I recently read the book Center Church: Doing Balanced, Gospel-Centered Ministry in Your City, which is regarded as Timothy Keller’s masterpiece. The book talks about the urban church planting movement, which seems enlightening to me. From various angles, Keller elaborates on the multiple and far-reaching significance of urban planting.

Different from the current situation in China, the main situation in Europe and America is that there are many existing churches, but most of them are old and declining, and the pews are getting emptier. Therefore, many people think that the urgent task is not to build new churches but to “strengthen existing churches, fill them first, and then go out to explore more”. However, Keller’s response to these views is: “The main way to increase the number of believers in a city is not through church revival.”

Keller mentions that after World War I, especially in the mainstream Protestant churches, the number of churches planted dropped sharply. The old churches strongly resisted the invasion of the original community by any new churches. However, in the first one or two decades of its establishment, the new church achieved remarkable results in evangelizing, and their scale reached its peak before they started to be even or slowly declining. The competition that the new church brought at this time made the old church uneasy, which became the biggest obstacle to the development of the new church in the community. As a result, the mainstream church has obviously declined in the past twenty or thirty years.

A similar situation is actually happening in some cities in the old evangelical areas of China. I once visited a city in the south where the gospel began to flourish in the late 1970s. Some existing traditional churches in the area have a history of about 40 years. Not only was the overall environment prosperous, but new churches were born every ten or five years. Many new models and experiments were tried, which was seldom the case in many cities. However, a local pastor said in a helpless manner and regretted that the real situation is that at least 70% to 80% of churches are idle. Especially traditional churches of mid-aged membership are unable to attract young people and declined badly. Many local churches that used to accommodate thousands of people often embraces less than 78% attendance on Sundays. Thankfully, at least a wave of new church trends can stimulate traditional churches.

How do you meet the needs of your city?

“How many churches does your city need?” Keller asks in the book. His answer is that because many churches are declining or losing their vitality, at least one moderate church planting growth is needed to keep the Christian body in a city from declining continuously, and if the Christian body in the whole city is to keep growing, there must be an active church planting movement—every existing church needs to establish 10 to 20 new churches.

Moreover, the core is how we meet the needs of people around us.
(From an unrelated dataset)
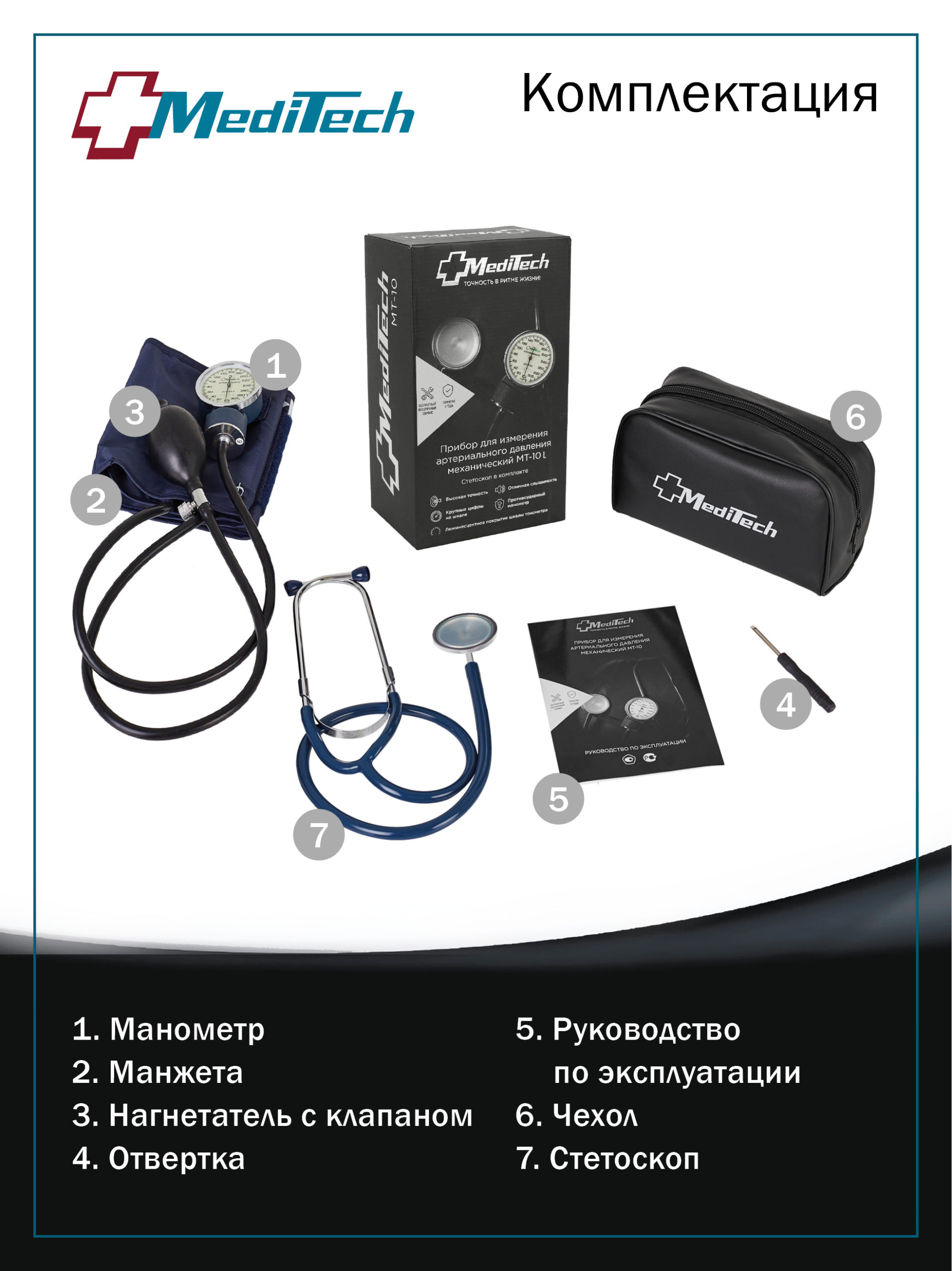 Механический тонометр МТ-10L с отдельным стетоскопом и люминесцентным покрытием

Pastor Timothy Keller and Rick Warren are both outstanding in the practice of urban church planting in this era. Both church planters mention that the most important people to attract when planting churches and establishing new churches in cities are the young generation and new residents, which is also consistent with the reality of the process of urbanization in China.

In the process of church planting, the key matter is that church planters themselves need to change their mentality—get rid of the conception of turf, clique, internal fight, sectarian strife, or taking the gospel as a tool for “my own use only”. A vision of God’s kingdom is needed.

In this process, it is natural to encounter such realities and needs, or the church has to continue to explore transformations while planting. Whether it is the trend of healthy churches rising in the past 10 years or the discussion of the missional church that just sprouted on the mainland of China, these are all manifestations.